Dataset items
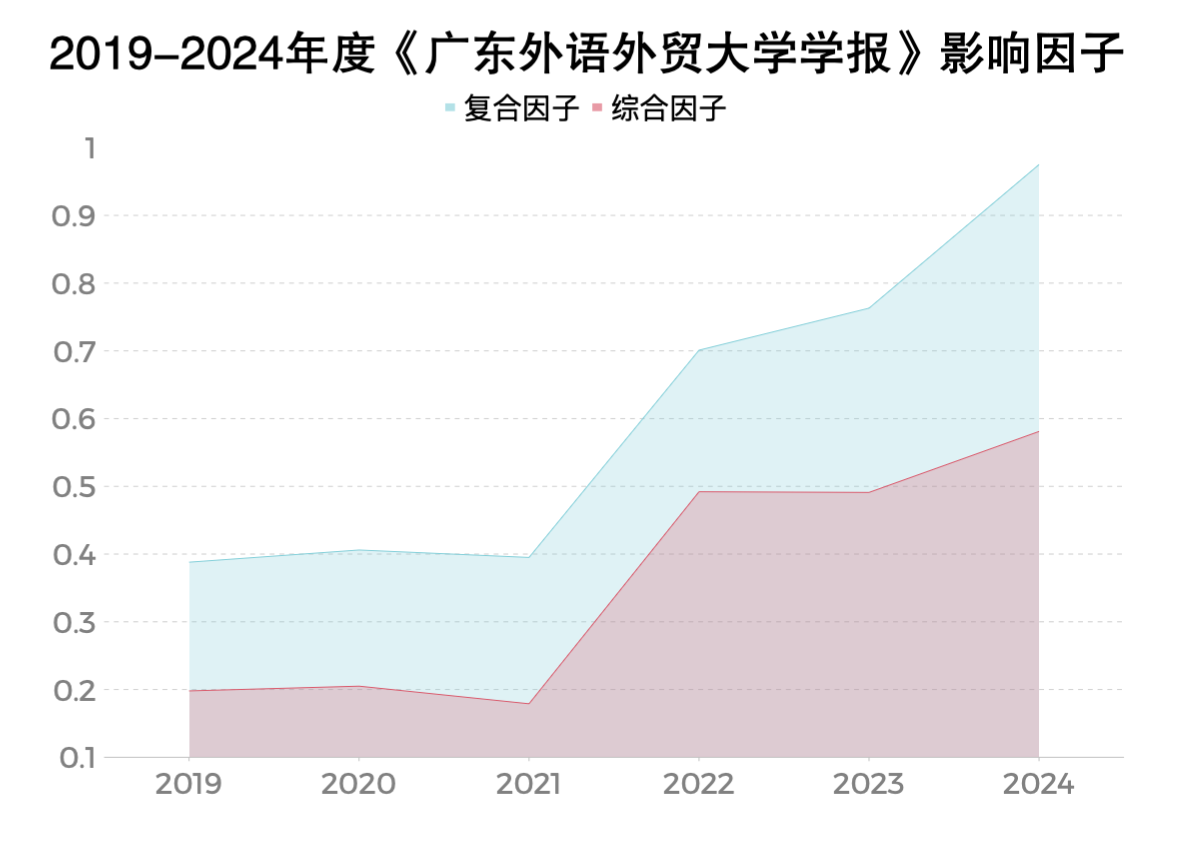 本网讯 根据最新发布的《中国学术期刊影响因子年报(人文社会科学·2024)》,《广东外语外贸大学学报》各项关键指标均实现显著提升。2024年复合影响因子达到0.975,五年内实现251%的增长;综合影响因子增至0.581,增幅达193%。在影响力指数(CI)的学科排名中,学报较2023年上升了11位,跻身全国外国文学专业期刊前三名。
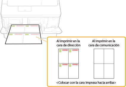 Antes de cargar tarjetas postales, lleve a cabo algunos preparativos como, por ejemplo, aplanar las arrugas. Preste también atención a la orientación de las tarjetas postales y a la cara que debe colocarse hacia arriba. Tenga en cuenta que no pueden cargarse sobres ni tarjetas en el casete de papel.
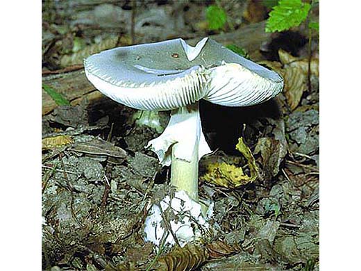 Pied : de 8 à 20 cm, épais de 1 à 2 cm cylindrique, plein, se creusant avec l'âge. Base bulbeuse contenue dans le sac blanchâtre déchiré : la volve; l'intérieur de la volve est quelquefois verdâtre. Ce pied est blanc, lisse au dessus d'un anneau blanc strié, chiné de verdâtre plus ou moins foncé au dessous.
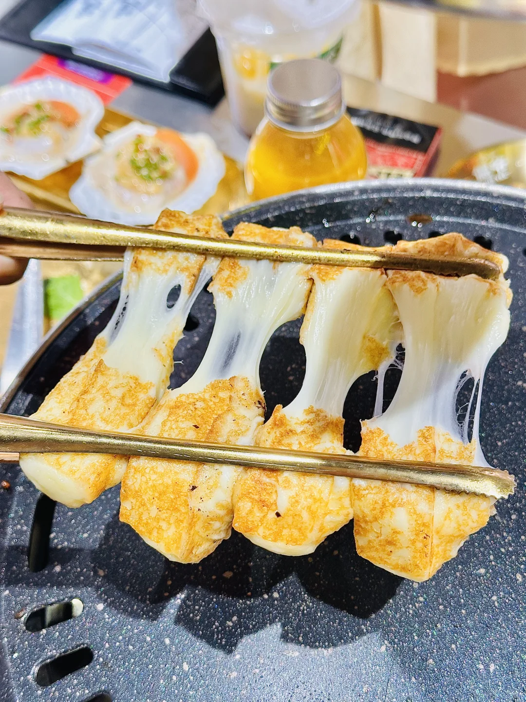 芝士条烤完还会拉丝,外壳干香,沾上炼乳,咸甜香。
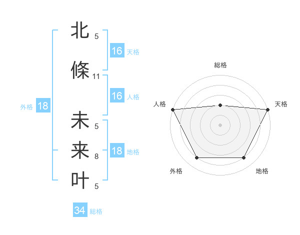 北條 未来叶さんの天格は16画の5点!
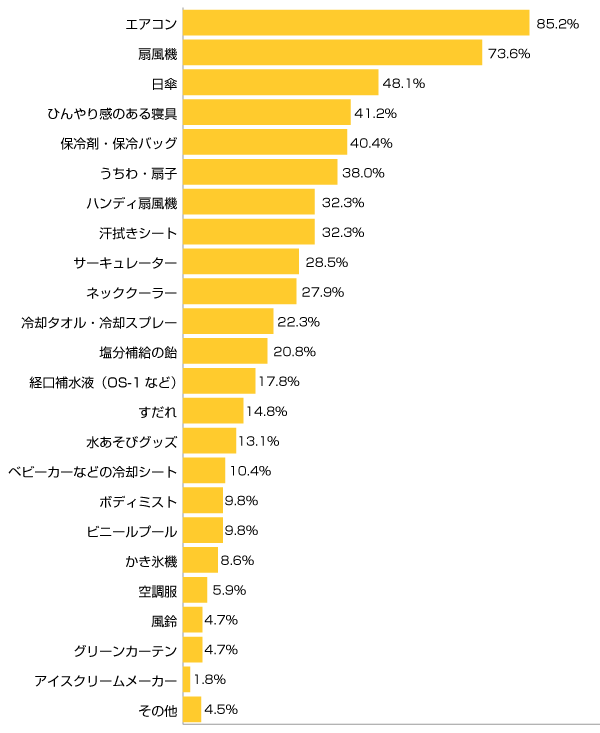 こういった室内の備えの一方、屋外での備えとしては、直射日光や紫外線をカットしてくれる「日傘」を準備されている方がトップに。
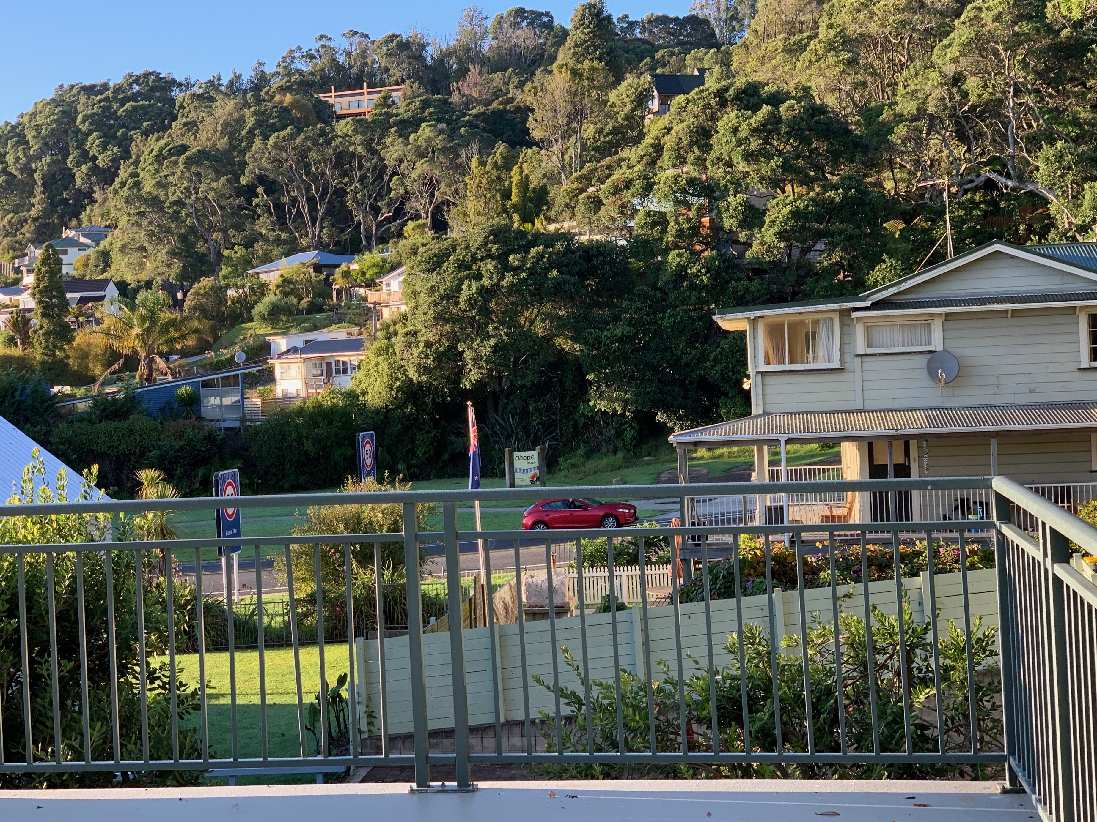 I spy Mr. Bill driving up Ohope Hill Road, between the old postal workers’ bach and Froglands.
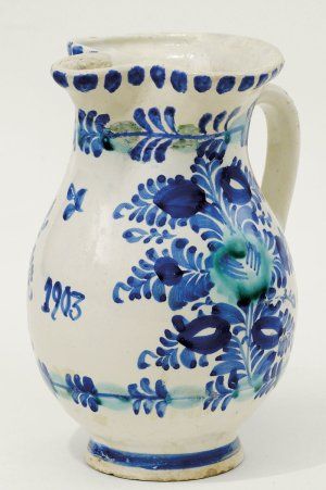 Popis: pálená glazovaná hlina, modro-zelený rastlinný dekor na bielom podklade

### What the exercise asks
Copy only this from above: the line containing "Pied : de 8", the line containing "芝士条烤完还会拉丝,外壳干香,沾上炼乳,咸甜香。", and all lines between, printed exactly. Leave out the pictures.

### Response to the task
 Pied : de 8 à 20 cm, épais de 1 à 2 cm cylindrique, plein, se creusant avec l'âge. Base bulbeuse contenue dans le sac blanchâtre déchiré : la volve; l'intérieur de la volve est quelquefois verdâtre. Ce pied est blanc, lisse au dessus d'un anneau blanc strié, chiné de verdâtre plus ou moins foncé au dessous.
 芝士条烤完还会拉丝,外壳干香,沾上炼乳,咸甜香。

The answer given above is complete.